# PcMark 05 Probleme



## Mr.Ultimo (26. Juni 2009)

ja hallo an alle mein Problem ist das wenn ich den pc mark hab laufen lassen egal mit welchen einstellungen dann zeigt er mir den score nicht an.

der cpu core fällt komplett raus. woran kanns liegen an der übertaktung =? 
das system läuft total stabil keine abstürze nix ....keine ahnung vlt hat wer nen paaar infos 

da steht was von system resuls must be selectet option the resuls...

nun ja ich hab shion versucht nur den cpu makr laufen zu lassen ..noder einmal alles oder auch al einen test aleine ...keine ahung..
vlt hat wer mal nen tipp

und am übertakten liegt nit weil er das in jeden zustand anzeigt


----------



## CheGuarana (26. Juni 2009)

Ähm, hast du die Demo?

Ich habe diese 05 leider nicht, kann mir aber denken dass du einfach die Demo hast oder die entsprechende Option nicht aktiviert hast.


----------



## Mr.Ultimo (26. Juni 2009)

mh ne ist nit die demo 
das is ja das komische 
keine ahnugn vlt werde ich das ding einfach nochmal neu instalieren 

ich soll die sogenannte PC Siut selektieren. aslo welchen bereich ich testen will..soweit habe ich das kapiert nur wenn ic hsage select al was ist daran shwer zu verstehn für dsa ding ???? ^^ 

ich werds noch ma neu aufsetzten dsa ding ^^


----------



## Alriin (26. Juni 2009)

Welches Betriebssystem?

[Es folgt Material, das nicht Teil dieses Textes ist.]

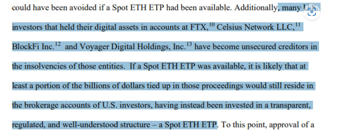 피텔리티는 신청서에서 당사의 현물 상장지수펀드가 투자자를 보호하기 위해 설계됐다고 밝혔다. 규제 기관이 허용한 적법한 현물 상장지수펀드가 있었다면 FTX거래소 파산 사태 등에 묶은 수십억 달러의 시장 참여자 자산을 보호할 수 있을것 이라는 입장이다.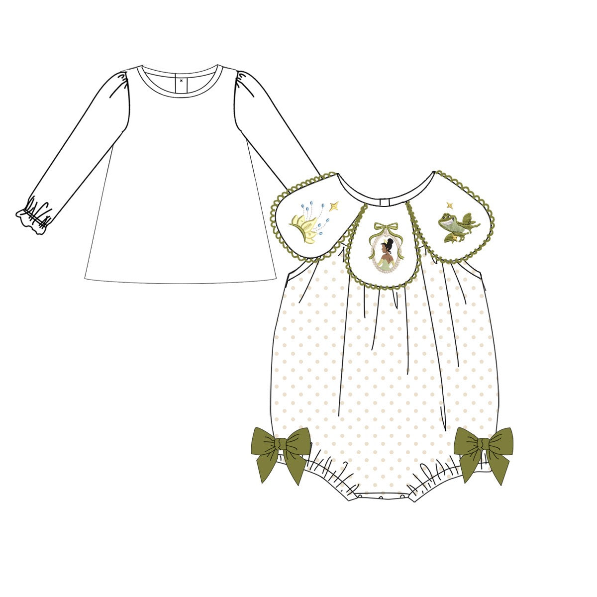 2-piece set: embroidered woven bubble and white long sleeve knit undershirt.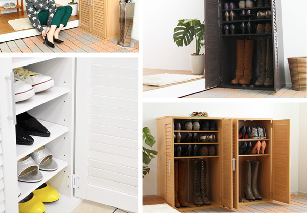 通気性抜群!ルーバー式シューズボックス【幅60cm・2個セット】(下駄箱・玄関収納)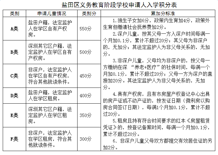 1.类别分:按申请儿童户籍和监护人住房情况,划分A、B、C、D、E、F六个学位申请类别。分类办法及对应分值见《盐田区义务教育阶段学校申请人入学积分表》(以下简称《积分表》)。
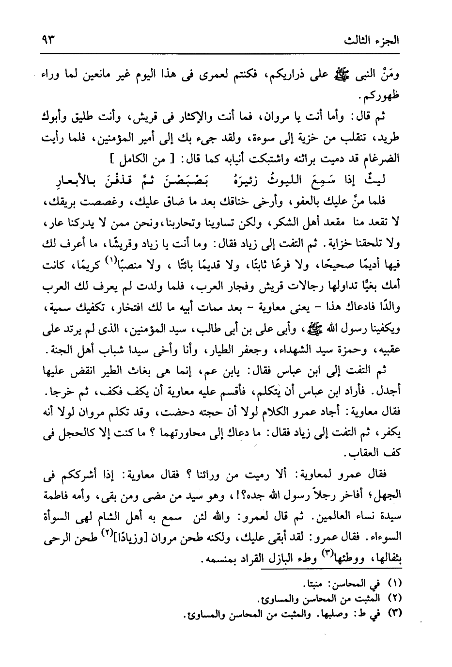وَأبي عَليّ بن أبي طَالب سيد الْمُؤمنِينَ الَّذِي لم يرْتَد على عَقِبَيْهِ وَحَمْزَة سيد الشُّهَدَاء وجعفر الطيار وَأَنا وَأخي سيدا شباب أهل الْجنَّة ثمَّ الْتفت إِلَى ابْن عَبَّاس فَقَالَ يَا بن عَم إِنَّمَا هِيَ بغاث الطير انقض عَلَيْهَا أجدل فَأَرَادَ ابْن عَبَّاس أَن يتَكَلَّم فأقسم عَلَيْهِ مُعَاوِيَة أَن يكف فَكف ثمَّ خرجا فَقَالَ مُعَاوِيَة أَجَاد عَمْرو الْكَلَام لَوْلَا أَن حجَّته دحضت وَقد تكلم مَرْوَان لَوْلَا أَنه يكفر ثمَّ الْتفت إِلَى زِيَاد فَقَالَ مَا دعَاك إِلَى محاورتهما مَا كنت إِلَّا كالحجل فِي كف الْعقَاب فَقَالَ عَمْرو لمعاوية أَلا رميت من وَرَائِنَا فَقَالَ مُعَاوِيَة إِذا أشرككم فِي الْجَهْل أفاخر رجلا رَسُول الله جده وَهُوَ سيد من مضى وَمن بَقِي وَأمه فَاطِمَة سيدة نسَاء الْعَالمين ثمَّ قَالَ لعَمْرو وَالله لَئِن سمع بِهِ أهل الشَّام لهى السوأة السوءاء فَقَالَ عَمْرو لقد أبقى عَلَيْك وَلكنه طحن مَرْوَان وزياداً طحن الرَّحَى يثفالها وَوَطئهَا وَطْء البازل القراد بمنسمه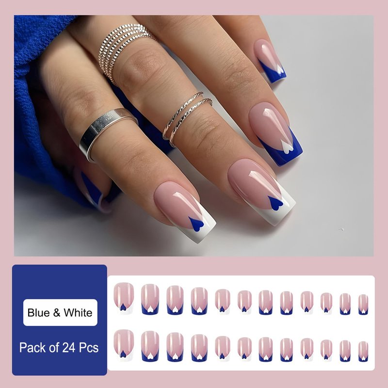 - Easy to Use - Full set blue white false nails with glue stickers can provide you with a perfect and non-destructive salon nail manicure in a few minutes at home. It's suitable for dancing, parties, dates, weddings, and other special occasions. Makes you look fashionable, and gentle and leaves a good impression.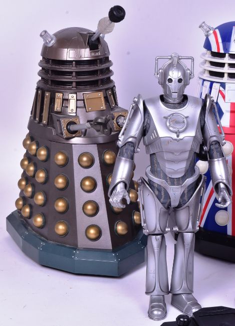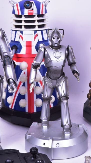 Doctor Who - Electronic Toys - a collection of (mostly) electronic / talking Dr Who toys including: x4 large scale Radio Controlled Dalek action figures (Union Jack, Supreme etc), Cyberman room guards,  12" scale Cyberman figures. All unboxed. Working order / completeness not checked.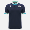 2024/25 home cotton shirt – navy relaxed fit, short sleeved shirt with white collar and cuffs with blue and green details, white Scotland crest embroidered over the heart and tribute to 100 years of Murrayfield Stadium on the rear.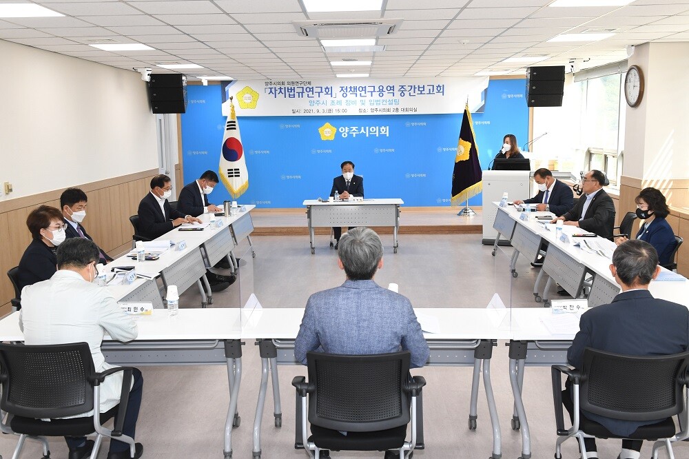 [이코노미세계] 양주시의회 의원연구단체 ‘자치법규연구회'가 지난 3일 시의회 대회의실에서 정책연구용역 중간보고회를 개최했다.

Hast Du Internet Explorer und Media Player auf dem neusten Stand? Windows Media Encoder auch drauf?


----------



## Lippokratis (26. Juni 2009)

wenn der benchmark durch gelaufen ist, klick mal auf details  und dann poste mal diesen screen. wenn keine Punkte angezeigt werden, dann liegt die Lösungen meistens in den Details


----------



## der8auer (26. Juni 2009)

Jep wir müssten wissen welcher Test nicht läuft um dir zu sagen woran es liegt.


----------



## Mr.Ultimo (8. Juli 2009)

sooo ich melde mich mal zurück und werde mich jetzt den rest dr wiche daran setzten (hete bis freitag) ich konnte nich frühe rschreiben gab nen familiären zwischenfall..sry nochma ..

die sachen die ihr wissen wollt were ich möglichst schnell eintragen. 
mfg Ultimo


----------